FUTURE FACTS: A Forecast of the World As We Will Know It Before the End of the Century

By

Pub Date: April 1st, 1976
Publisher: Simon & Schuster

Your own tingling ultrasonic shower/bath, your own home waste recycling system, your videophone, your eye movements to direct your robot vacuum cleaner or typewriter, your vacation home under the sea, your flat wall TV, memory pill, replaceable organs, grow-them-yourself bones. . . they're all here in Rosen's compilation of things within a generation's reach. Some of it's fun, some Big Brotherish; some way in and already here, some way out and iffy. Trouble is, you may be more depressed than delighted at the thought of all that instant information, replay, communication among all those Six-Million-Dollar persons darting around in their hydrogen-powered (pollution-free) cars or swinging onto conveyor belts between office and modular home.
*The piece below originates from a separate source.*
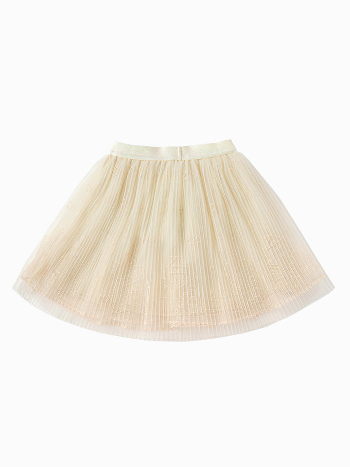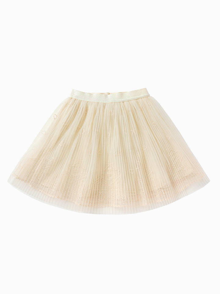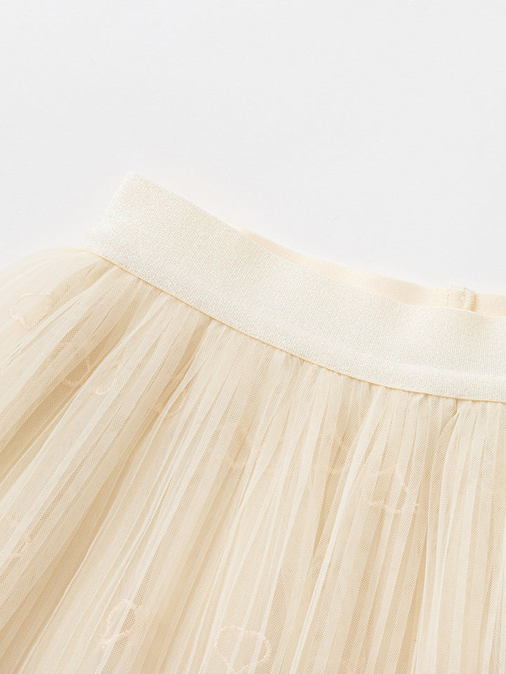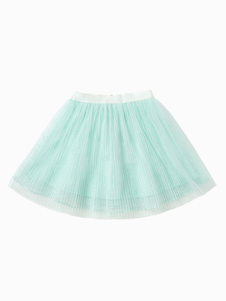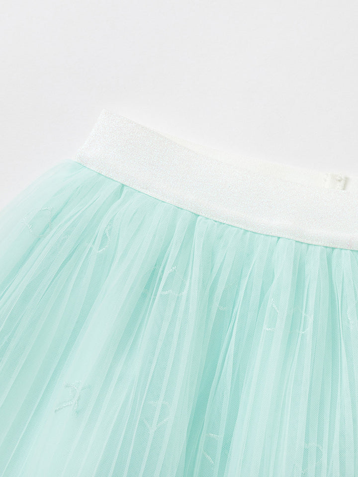 short skirt in a flowy style design, tulle mesh fabric decorated with embroidery prints details, comes with a comfy elasticated waistband

Part of the problem is Rosen's upbeat style. The individual ""facts"" are presented as lively but highly condensed one-pagers, like snappy but teasing newspaper pieces or publicity handouts. Indeed the sources--NASA, Exxon, IBM, the Rand Corp., and other major government or industrial/research organizations--guarantee optimism. A thoughtful reader will want to know more, ask if Advance X won't conflict with Advance Y or create more pollution, use more energy, etc., for which Rosen offers only a rare caveat. Also, the condensed style demands that the reader be fluent in a variety of technological languages, from medicine to information theory or nuclear energy. In short, this is a mixed bag of future tricks that may appeal to bright high-schoolers, readers of popular science magazines and perhaps writers, teachers or futurists who want a handy reference file to serve as a jumping-off place.